Cómo acreditar de dónde vienen las humedades: informes, fotografías y comunicaciones
En estos conflictos, la prueba técnica suele ser decisiva. Conviene reunir, desde el primer momento, documentación ordenada y útil:
- Fotografías y, si es posible, vídeos con fechas.
- Partes de seguro y visitas del reparador o perito.
- Informe técnico o pericial que identifique el origen probable: fachada, cubierta, bajante, terraza, instalación interior o deficiencia constructiva.
- Comunicaciones al presidente, administrador o propietario afectado.
- Presupuestos, facturas y prueba de los daños por humedades comunidad.
No basta con acreditar que existe una mancha: si se inicia una reclamación por humedades en comunidad, normalmente habrá que acreditar el nexo entre el foco de la filtración y el daño producido.
Qué pasos conviene seguir antes de reclamar formalmente
Antes de escalar el conflicto, suele ser útil una comprobación práctica:
- Comunicar la incidencia por escrito y conservar justificante.
- Solicitar revisión técnica del origen, evitando suposiciones precipitadas.
- Revisar actas de la comunidad, estatutos y acuerdos previos, si afectan al elemento implicado.
- Examinar la póliza de la comunidad o del propietario, sabiendo que la cobertura dependerá del caso.
- Documentar la evolución del daño y los gastos soportados.
Si la incidencia afecta a un elemento común, conviene que la comunidad deje constancia en acta o, al menos, en comunicaciones del administrador. Si el origen parece privativo, también interesa requerir al propietario para que pueda inspeccionar y, en su caso, reparar.

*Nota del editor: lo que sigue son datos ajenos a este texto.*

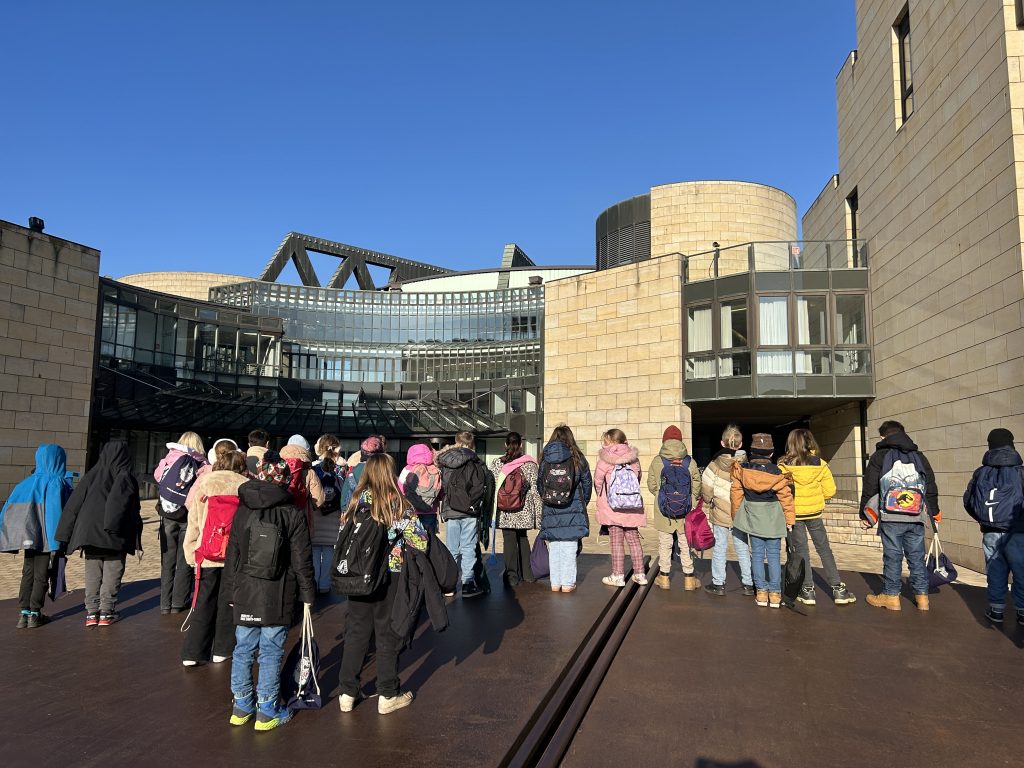 Am 21.11.25 um 7.30 Uhr sind wir mit einem Reisebus zum Landtag nach Düsseldorf gefahren. Die Fahrt dauerte 90 Minuten. Als wir angekommen waren, haben wir direkt am Haupteingang geparkt und mussten dann durch eine Sicherheitskontrolle. Dann sind wir zum Plenarsaal gegangen. Wir haben uns auf die Plätze der Abgeordneten gesetzt. Ein Mädchen wurde zur Präsidentin gewählt und sollte die Sitzung leiten. Nun haben wir diskutiert, ob „Tanzen“ ein Schulfach werden sollte. Ungefähr die Hälfte der Kinder war dafür und die andere Hälfte dagegen. Als wir fertig waren mit der Abstimmung, sind wir zum Frühstücken in die Kantine gegangen. Es gab belegte Brötchen, Actimel, Schokomuffins und Orangensaft. Danach haben wir den Vizepräsidenten Christof Rasche getroffen. Er ist von der FDP. Wir durften ihm persönliche und politische Fragen stellen. Nach der Fragerunde haben wir noch Fotos mit ihm gemacht. Nach den Fotos hat noch jedes Kind einen Beutel vom Landtag bekommen mit einem Malbuch, Pixibuch und Gummibärchen. Dann sind wir nach Hause gefahren.

Qué vías pueden valorarse si la comunidad o el responsable no actúan
Cuando no hay respuesta suficiente, puede valorarse una reclamación extrajudicial bien documentada, dirigida a la comunidad, al propietario responsable o a la aseguradora en lo que proceda. Si persiste la pasividad, habrá que analizar la acción que encaje mejor según el origen, la urgencia de la reparación, la prueba disponible y los daños ocasionados.
No existe una única vía válida para todos los supuestos. En algunos casos lo prioritario será obtener la reparación; en otros, además, reclamar la indemnización por desperfectos, gastos o perjuicios derivados de la humedad. Si hubo acuerdo comunitario sobre la incidencia, también puede ser relevante revisar su contenido y su correcta documentación.
Errores frecuentes en los conflictos por humedades en edificios
- Confundir la zona dañada con el verdadero foco de la humedad.
- Pensar que toda reparación corresponde a la comunidad sin verificar si el origen es privativo.
- Presuponer que el seguro pagará siempre los daños por agua.
- No dejar constancia escrita de avisos, visitas e incidencias.
- Retrasar la obtención de un informe técnico cuando el origen no está claro.
En definitiva, en las humedades en comunidad de propietarios el punto decisivo suele ser acreditar el origen y encajar correctamente la incidencia entre elemento común, elemento privativo, obligación de conservación y eventual daño indemnizable. El error más frecuente es fijarse solo en dónde aparece la mancha y no en qué la causa realmente.
Antes de decidir cómo reclamar, puede ser razonable revisar actas, parte de seguro, estatutos, comunicaciones al presidente o administrador e informe técnico, para valorar con criterio jurídico y probatorio cuál es la vía más adecuada.